Saturday, July 04, 2009
Building a future at Tech
Architecture student Jason Kovac is studying and managing construction projects on the Blacksburg campus.

JUSTIN COOK The Roanoke Times
Jason Kovac, a 2002 Virginia Tech architecture graduate, is now a project manager with Skanska. He gives a thumbs up to an employee working on Tech's Institute of Critical Technology and Applied Science building.

JUSTIN COOK The Roanoke Times
Jason Kovac (right) works with Mike Clark, the virtual design and construction coordinator, in the job trailer the Institute for Critical Technology and Applied Science construction project at Tech.
| Greg Esposito
greg.esposito@roanoke.com, 381-1675
BLACKSBURG -- Jason Kovac can't seem to get away from Virginia Tech.
The 2002 architecture graduate has been working toward his master's degree in construction management at Tech while starting his career. He said he has one credit left, but that's not why he's spending time on the Blacksburg campus this summer.
Kovac is back at his alma mater as project manager for ICTAS II -- a 42,000-square-foot, $23 million building that will provide lab and office space for Tech's Institute of Critical Technology and Applied Science. Scheduled for completion in fall 2010, the work will keep him around for a while.
And if all goes well, Kovac will be on campus for three other projects his company, Skanska, is involved in at Tech. The construction company was awarded pre-construction contracts for an agriculture laboratory, student affairs building and the Virginia Bioinformatics building.
It's enough work to keep Kovac, who lives in Christiansburg, close to home for the next four years. And yes, he's bought season tickets for Hokie football.
Kovac worked on Tech's first solar house in 2002. The national competition between teams with solar-powered houses was good practice for some of the work he's doing now, he said. The ICTAS building will be LEED certified, and Kovac is in the process of creating a green trailer to use for the projects at the university, outfitted with sensors to turn lights off, sun tunnels and improved insulation to make it more energy efficient.
The trailer sits in the parking lot between Duck Pond Drive and Washington Street. Work began there in May. The project is still in its early stages -- deep foundation work and utilities.
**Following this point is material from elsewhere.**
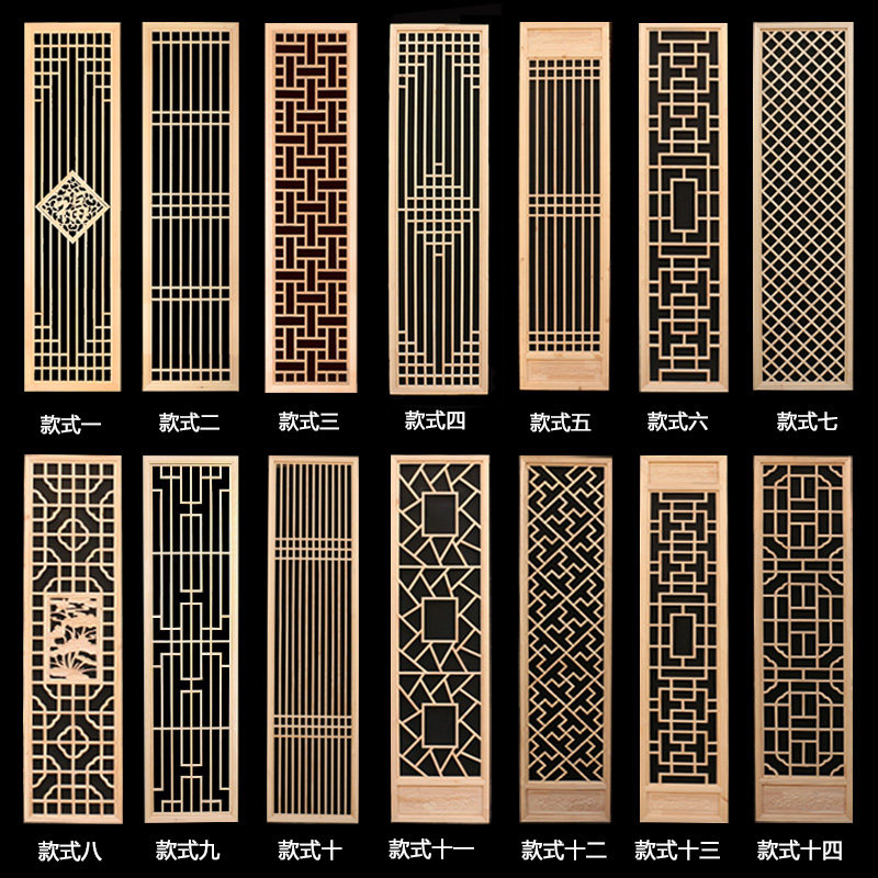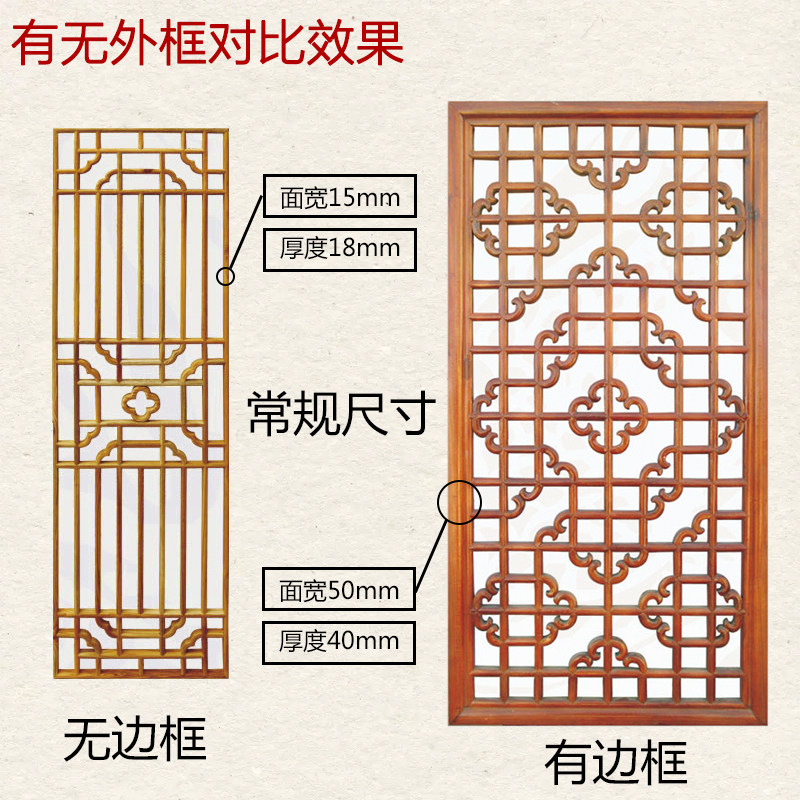 Dongyang wood carving solid wood flower grille New Chinese ceiling screen partition TV background hollow entrance Antique doors and windows

"Basically everything nobody ever sees again," he said.
The site is easy to spot, with a giant red crane towering over it.
"You know, we built things on a smaller scale while I was here," he said. "And now you're coming in and doing $20 million, $30 million, $40 million buildings."
ICTAS is the first project Kovac has been manager on -- coordinating work among subcontractors, troubleshooting and communicating with the people who will eventually occupy the building. The fact that he's getting to work with people he'd previously only known as a student is pretty cool, he said.
"Actually coming back and visiting the architecture department and the building construction department and saying, 'Hey, I'm coming back to build buildings on campus.' I think a lot of professors ... they can see what they actually taught you."
While this is the first project Kovac has been paid to do at Tech, it's not the most important campus project he's worked on.
After the April 16, 2007, shootings, Kovac, who started a landscaping company when he was a student, volunteered to help out with the April 16 Memorial. Campus facilities did the electrical work and helped out with the landscaping while Kovac focused on installing the pavers -- the eight-inch-square concrete blocks that make the paths around the memorial. He had just started at Skanska and worked weekends over the summer of 2007 to get the memorial ready.
"You'd be out there laying brick and there'd be people just coming up crying," he said. "It was hard for me to get used to it at first because the initial memorial was still there. ... So you had to watch the interaction of people with the flowers, the stones that were there, et cetera, and you're trying to build the memorial at the same time. It was a little rough. But at the same time, they knew what you were trying to do for them. So they were grateful."
Matt Gart, the university's landscape architect, worked with Kovac on the project and has gotten to know him well since. He said he's impressed with his breadth of knowledge and work ethic.
"I don't know where he gets the energy," he said, laughing.